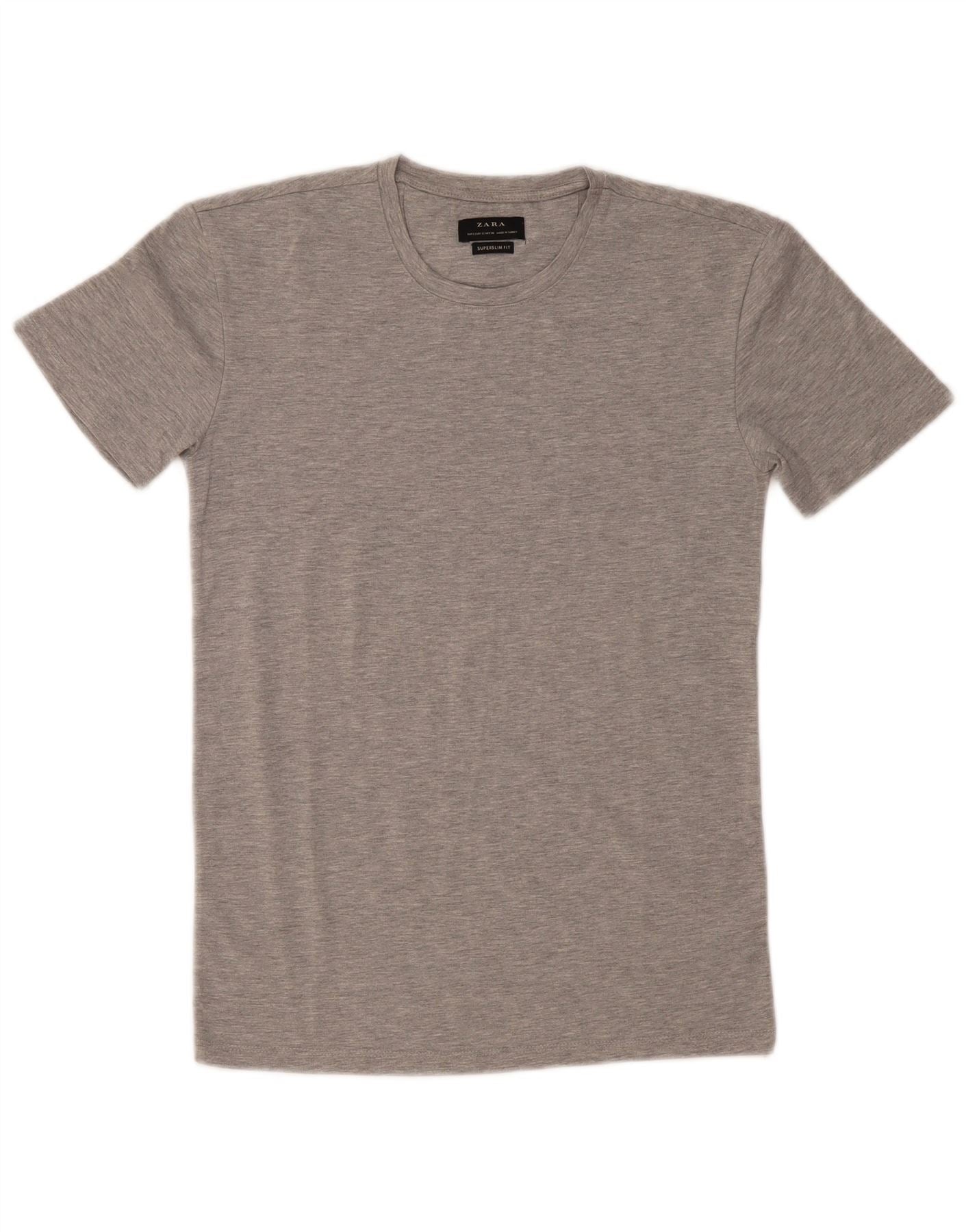 Zara Hombre Camiseta Super Slim Fit Top Pequeño Gris Moteado
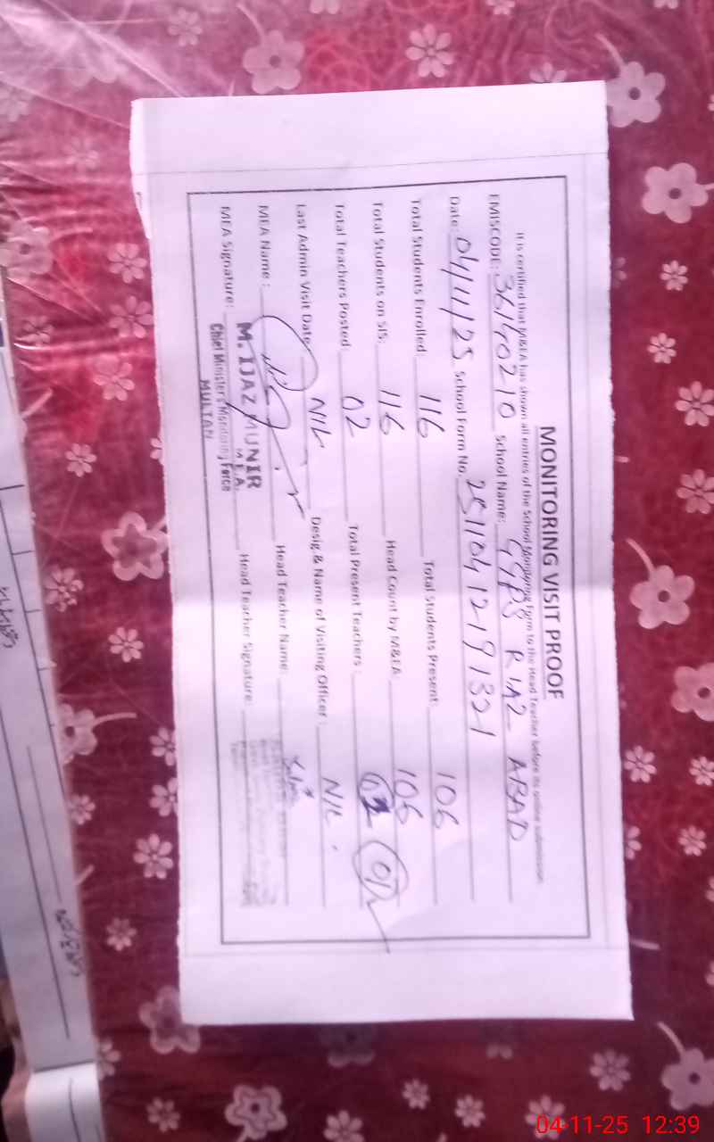 | EMIS Code: 36140210 | Name of School: GGPS RIAZ ABAD BASTI ILYAS WALA | |||
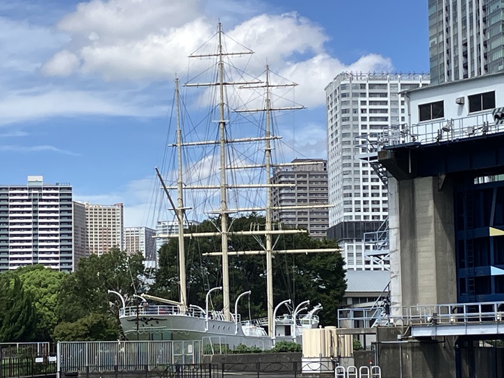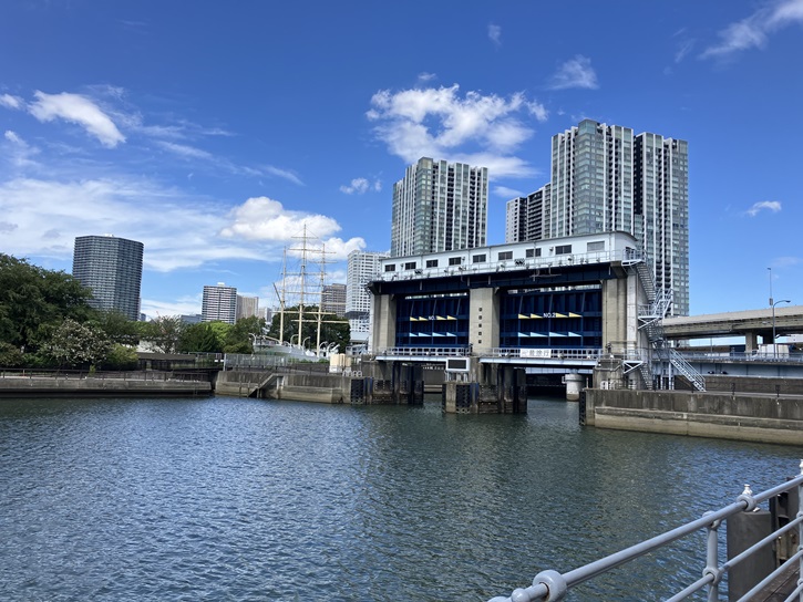 天王洲ふれあい橋から「東品川海上公園」に向かいます。天王洲運河には、京浜運河との間に天王洲水門があります。水門の左手の東京海洋大学構内には、雲鷹丸が展示されています。雲鷹丸は、漁業練習船および漁業調査船として使用された3本マストの帆船です。明治四十二年(1909年)5月から昭和四年(1929年)8月まで20年間にわたり36回の航海を行うと共に、捕鯨実習を始め、漁業調査・学生実習・漁撈技術・漁具開発などに貢献し、漁獲物処理では船上でのカニ缶詰製造に成功し、後の大型蟹工船の先駆けとなりました。昭和三十七年(1962年)に東京海洋大学品川キャンパスに移設され、平成十年(1998年)12月11日に国の登録有形文化財として登録されました。
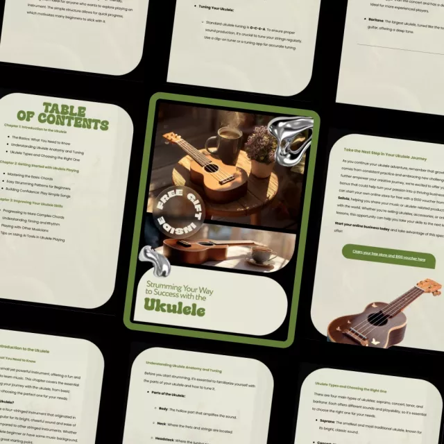 Ready to strum your way to musical success? Strumming Your Way to Success with the Ukulele is a comprehensive digital guide designed to give beginners the confidence and skills they need to start playing the ukulele with ease. Whether you’ve never picked up a ukulele before or are looking to improve your basic skills, this guide is packed with practical advice, step-by-step instructions, and easy-to-follow tutorials that make learning fun and achievable.
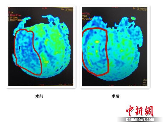 圖為小周術前-術后磁共振灌注檢查結果圖 浙江大學明州醫院供圖
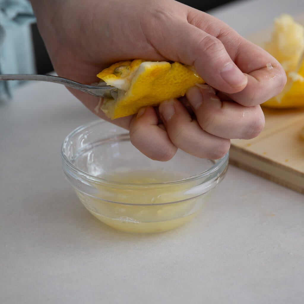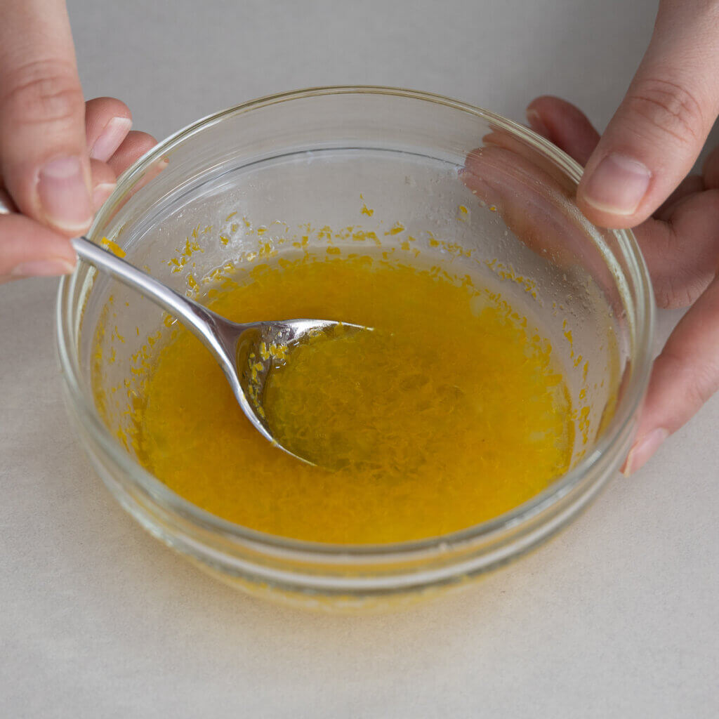 - ゆず果汁を絞り、白ワインビネガーと合わせて大さじ3になるように計量する。
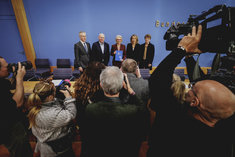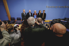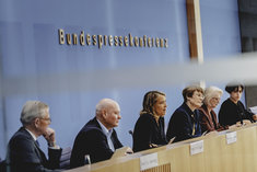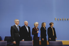 Caption: Vorstellung des Jahresgutachtens 2025/26 des Sachverstaendigenrates(L-R) Martin Werding, Mitglied des Sachverstaendigenrates Wirtschaft, Achim Truger, Mitglied des Sachverstaendigenrates Wirtschaft, Ulrike Malmendier, Mitglied des Sachverstaendigenrates Wirtschaft, Veronika Grimm, Mitglied des Sachverstaendigenrates Wirtschaft, und Monika Schnitzer, Vorsitzende des Sachverstaendigenrates zur Begutachtung der gesamtwirtschaftlichen Entwicklung, aufgenommen im Rahmen der Vorstellung des Jahresgutachtens 2025/26 des Sachverstaendigenrat zur Begutachtung der gesamtwirtschaftlichen Entwicklung in Berlin, 12.11.2025.
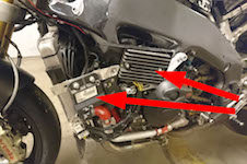 højre side af motorcyklen, lige indenfor kåberne. Et meget udsat sted ved styrt synes jag.
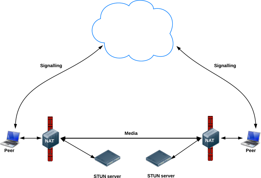 大多数WebRTC呼叫使用STUN成功建立连接 - 根据 Webrtcstats.com 为86%,尽管对于防火墙和复杂NAT配置后面的对等体之间的呼叫,这可能更少。
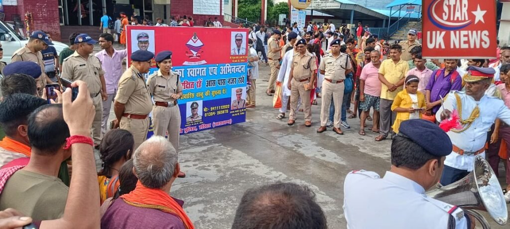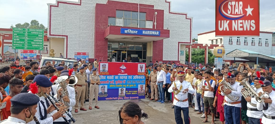उत्तराखंड की जीआरपी पुलिस ने बैंड बाजों के साथ आने वाले कांवरियों का स्वागत किया एसएसपी जीआरपी ने की शुरुआत
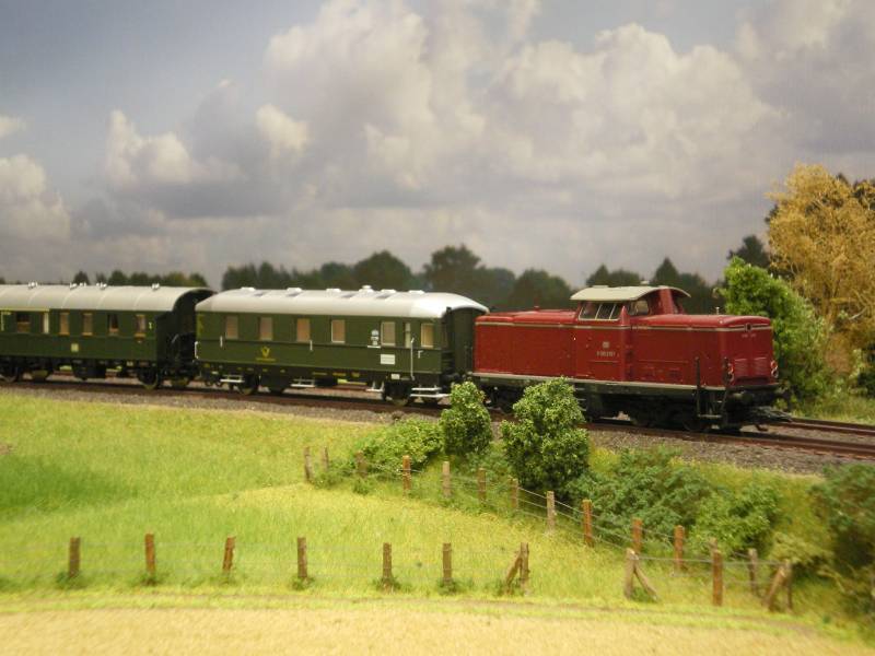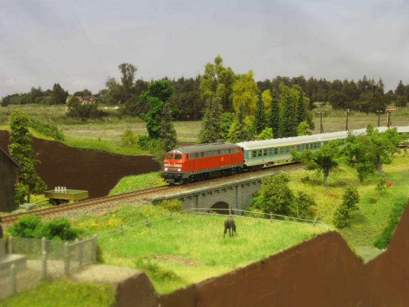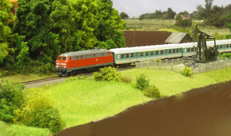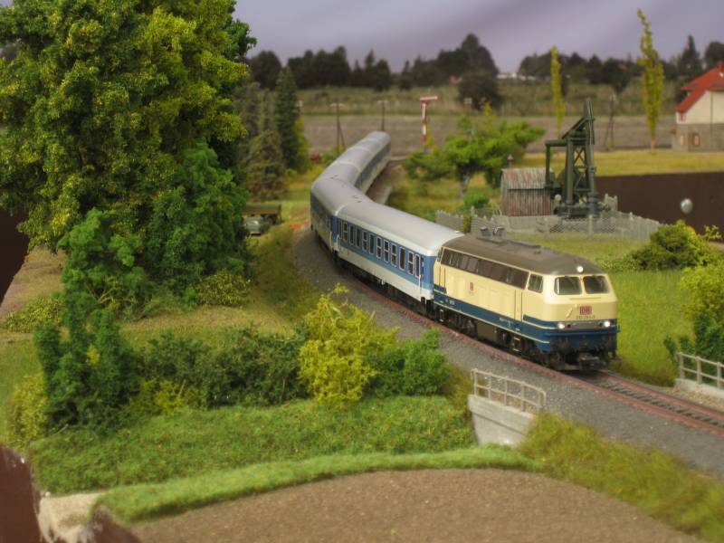 BR 218 mit Interregio auf der eingleisigen Strecke
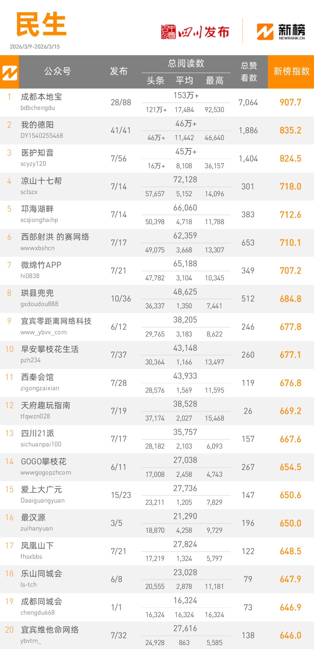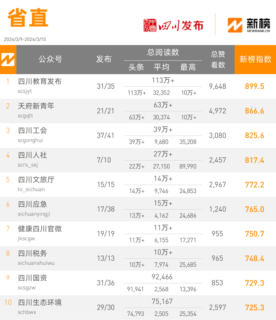 榜单整理了目前四川地区政务微信公众号排行情况,由新榜提供数据支撑,由四川发布在四川地区独家权威发布,包括省直部门、市(州)、县(区、市)三大类,每周发布。
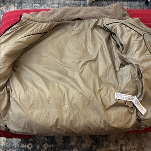 Massimo Dutti Feather down filled puffer jacket brown and tan Med. Like New.
****************************************
Copy only what runs above from the line containing "Ready to strum" through the line containing "大多数WebRTC呼叫使用STUN成功建立连接 - 根据", exactly. Leave out the pictures.

 Ready to strum your way to musical success? Strumming Your Way to Success with the Ukulele is a comprehensive digital guide designed to give beginners the confidence and skills they need to start playing the ukulele with ease. Whether you’ve never picked up a ukulele before or are looking to improve your basic skills, this guide is packed with practical advice, step-by-step instructions, and easy-to-follow tutorials that make learning fun and achievable.
 圖為小周術前-術后磁共振灌注檢查結果圖 浙江大學明州醫院供圖
 - ゆず果汁を絞り、白ワインビネガーと合わせて大さじ3になるように計量する。
 Caption: Vorstellung des Jahresgutachtens 2025/26 des Sachverstaendigenrates(L-R) Martin Werding, Mitglied des Sachverstaendigenrates Wirtschaft, Achim Truger, Mitglied des Sachverstaendigenrates Wirtschaft, Ulrike Malmendier, Mitglied des Sachverstaendigenrates Wirtschaft, Veronika Grimm, Mitglied des Sachverstaendigenrates Wirtschaft, und Monika Schnitzer, Vorsitzende des Sachverstaendigenrates zur Begutachtung der gesamtwirtschaftlichen Entwicklung, aufgenommen im Rahmen der Vorstellung des Jahresgutachtens 2025/26 des Sachverstaendigenrat zur Begutachtung der gesamtwirtschaftlichen Entwicklung in Berlin, 12.11.2025.
 højre side af motorcyklen, lige indenfor kåberne. Et meget udsat sted ved styrt synes jag.
 大多数WebRTC呼叫使用STUN成功建立连接 - 根据 Webrtcstats.com 为86%,尽管对于防火墙和复杂NAT配置后面的对等体之间的呼叫,这可能更少。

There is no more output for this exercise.